Summary of this article
Digital Personal Data Protection Rules, 2025 (DPDP) has been revealed.
These regulations will roll out in phases over the next 12 to 18 months.
The primary objective to enable individuals to exercise greater authority over how personal data is used.
The government has revealed the much-awaited Digital Personal Data Protection Rules, 2025 (DPDP). This marks a major step in strengthening citizens' rights over their personal information in the digital space. These regulations will roll out in phases over the next 12 to 18 months. This duration is fixed to make sure there is adequate time for smooth implementation and execution across all sectors. Some of the provisions will come into effect immediately, and the rest of the complex ones will be enforced during the implementation window.
This new framework comes with the primary objective to enable individuals to exercise greater authority over how personal data is used. This would also ensure the detection of misuse of any data, and safeguard their privacy across all platforms. These sets of rules and regulations are expected to significantly reduce spam calls, unnecessary communication, and unauthorised access to personal details.
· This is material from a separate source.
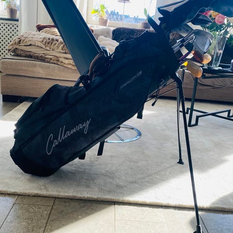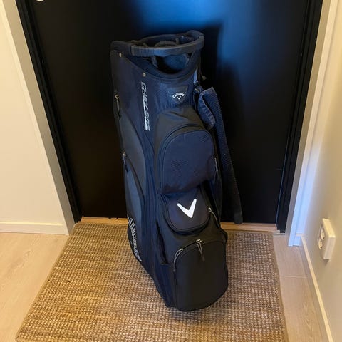 Callaway vagnbag i svart färg. Bagen har 14 fack för klubbor i toppen samt flera ytterfickor med dragkedja för förvaring av tillbehör.

This includes implementing a stricter set of obligations for entities responsible for handling such information. These changes are being introduced under the powers granted by Section 40(1) and 40(2) of the Digital Personal Data Protection Act, 2023 (DPDP Act 2023), which will be called the Digital Personal Data Protection Rules, 2025.
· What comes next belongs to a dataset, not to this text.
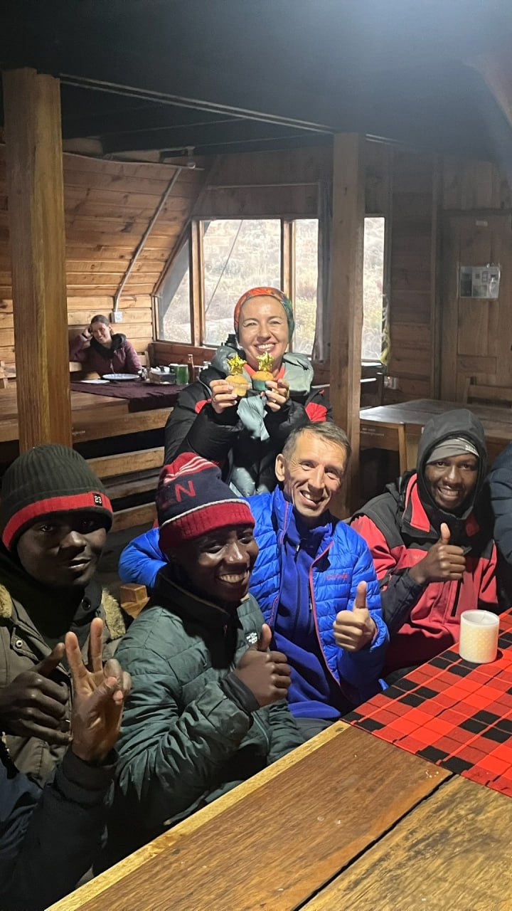 На день рождения Елена Павлова получила неожиданный подарок. Она поставила на кексы свечки, положила на тарелку привезенные из России шоколадки и пригласила танзанийскую команду на чай в ледяную столовую. А в ответ ей вручили уникальный торт.

As an important part of the implementation, a Data Protection Board will be established. This would ensure responsibility for investigating breaches of DPDP and imposing penalties based on the intensity and nature of the violation. The Act issues a penalty of Rs 250 per breach, though it offers relaxation for smaller businesses and startups so they are not burdened beyond their repayment capacities.
These regulations come nearly eight years after the Supreme Court's judgment, which affirmed the Right to Privacy as a Fundamental Right under the Constitution. The Right to Privacy comes with certain reasonable restrictions, while the DPDP empowers citizens to protect their digital identities. These rules are not just for the organisations, they also apply to the users; people are expected not to withhold critical details when applying for government documents and identifications, to avoid lodging false complaints, and to submit only the information that can be verified.
More importantly, these rules provide citizens and users with a mechanism to seek action and assistance if and when their personal data is leaked without consent. Authorities will now be able to trace the sources of such activities.